Partir. Le professeur GBÉGNONVI aurait pu ne pas s’en aller ce jour : « une minute avant sa mort, il était vivant ».
Mais là, sous mes yeux, l’insoutenable.
Je balayai du regard la concession. Le tour circulaire s’arrêta à la hauteur des marches d’escaliers. Je les considérai avec gravité; et me remontèrent à l’esprit, les images d’un de mes passages au domicile du professeur en 2017.
En pleine rééducation, après un accident domestique, je devrais gravir délicatement les marches, à ses côtés, appuyé sur une béquille et soutenu par ses mots de prudence.
La villa, un rez-de-chaussée d’une double décennie d’âge environ, était désormais
surmontée d’une bâtisse en bois, spécialement érigée pour abriter la bibliothèque du professeur.
À cette hauteur, au milieu des livres, des sièges extraits de massifs troncs d’arbres, entre le silence des masques de bronze et le parfum des mots, il y a comme le murmure des esprits.
C’est à cet endroit, chaque soir, après 19h, que le professeur faisait parler son génie.

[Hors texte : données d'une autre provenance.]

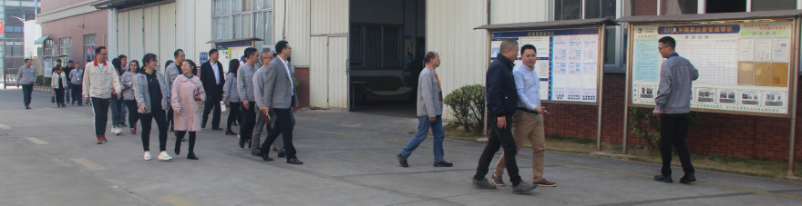隨后,學習團隊一行在牛力公司總經理吳總的帶領下繼續前往鶴山市隔朗五金實業有限公司,在隔朗五金董事長陸總的帶領下,對隔朗五金實業有限公司相關部門的標準化管理精益化管理ERP系統使用進行參觀學習。

Le génie de Roger, c’était sa plume.
Ce soir donc, quand il revint de chez Mme TALON, la tenancière du restau où il avait ses habitudes, pas loin de chez lui, ses livres, sa plume, son journal, sa bouteille de Béninoise et son verre l’attendaient.

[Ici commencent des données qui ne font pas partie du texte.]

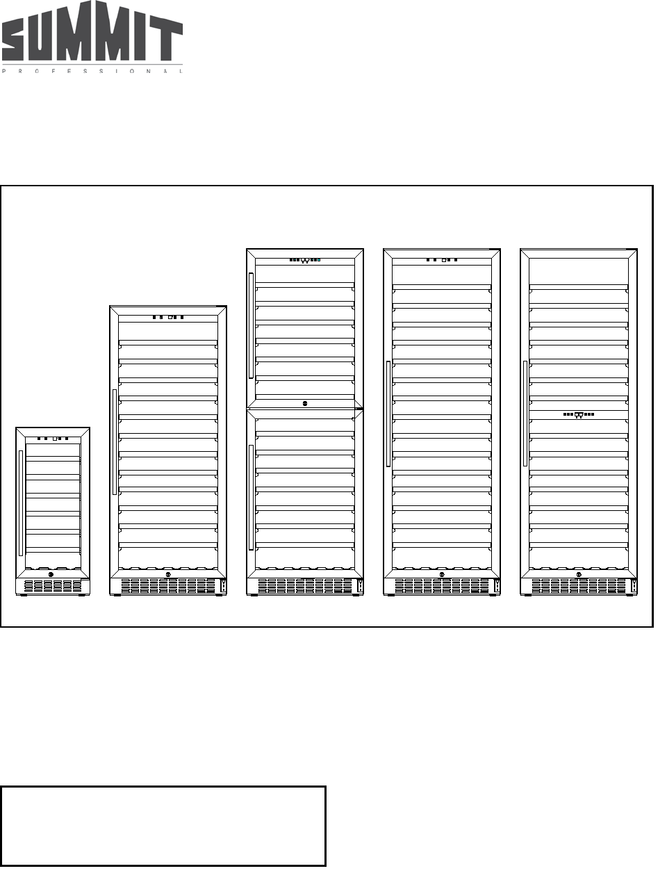 WINE CELLARS Model Nos.: SWC1535B/SWC1102/SWC1875B/SWC1926/SWC1966 Instruction Manual BEFORE USE, PLEASE READ AND FOLLOW ALL SAFETY RULES AND OPERATING INSTRUCTIONS. Write Serial No. (on lower left corner of inside cabinet) here: ___________________________________________ Felix Storch, Inc. 770 Garrison Avenue Bronx, NY10474 www.summitappliance.

…Et au petit matin, le lendemain, de l’intérieur des lieux, il n’y avait plus aucune main active pour éteindre les lampes. Pas l’ombre du professeur allant et venant dans la cour de la maison ; pas sa voix distincte au téléphone répondant à un copain.
Peut-être, était-il sorti tôt! Et avait-il oublié d’éteindre les lampes, pressé par les urgences inscrites dans son agenda!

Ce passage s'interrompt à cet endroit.